Published 21 August 2006

The Vanishing Act of Esme Lennox Maggie O'Farrell Headline Review, 245pp, £14.99 ISBN 0755308433

In Maggie O'Farrell's novels, the spaces that exist between people are almost as important as the characters themselves. Complex relationships and the long shadows they cast are the bedrock of her mysterious, multi-layered tales. Since her award-winning debut, After You'd Gone (2000), she has become adept at weaving labyrinthine plots into which she carefully drip-feeds clues and half-truths. It isn't always necessary to read between the lines, but it helps.

O'Farrell's last novel, The Distance Between Us (2004), was in many ways a precursor to The Vanishing Act of Esme Lennox. Both books examine questions of identity and alienation, filtered through dysfunctional families, sibling rivalry and characters' linked pasts. Tragedy, always on standby in The Distance Between Us, plays a central role in her new novel, sweeping us backwards and forwards in time between the 1930s and the present day.

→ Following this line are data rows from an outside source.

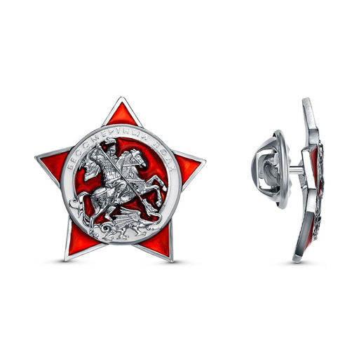 Значок "Бессмертный полк". На лицевой стороне находится образ Георгия Победоносца убивающего змия.  Георгий Победоносец, изображенный на значке, является символом мужества, веры, защиты и духовной силы. Крепление методом цанга (бабочка - фиксатор препятствующая произвольному вращению значка на одежде).­
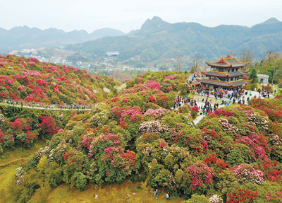 4月2日,貴州畢節(jié),百里杜鵑景區(qū)的原始杜鵑林吸引游客前來(lái)踏青賞花,休閑度假。新華社記者 陶 亮攝
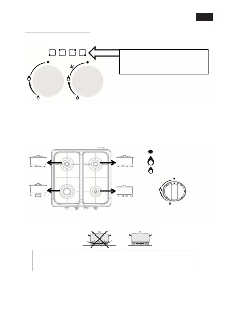 1: Push and turn anticlockwise the gas stove switch to bring to high flame.

Esme Lennox's roots are in colonial India, where she and her sister, Kitty, who is six years older, were born. When their baby brother dies from typhoid fever, the family returns home to live with the children's paternal grandmother in Edinburgh, and it is there that Esme, who has always been a free spirit, rebels against the stifling conformity of their new lives. The family interprets her rebelliousness and volatility as mental instability, and her fierce intelligence as a threat. Kitty - attractive, disciplined and determined to marry well - is her mother's favourite, and although the sisters have always been inseparable, Kitty begins to sense that Esme possesses a natural enchantment for the opposite sex that she will never acquire. Yet Esme has no interest in sex or marriage, and when the spoilt charmer whom Kitty is determined to win takes more interest in Esme, it is Kitty's jealous betrayals which seal her sister's fate. Esme, already in disgrace with her family, is raped by the boy at a New Year's Eve party. Afraid to tell anyone, she spirals into a temporary breakdown, providing her parents with the perfect excuse to send her away. At the age of 16, Esme is incarcerated in the local asylum, and the family in effect airbrushes her out of its lives.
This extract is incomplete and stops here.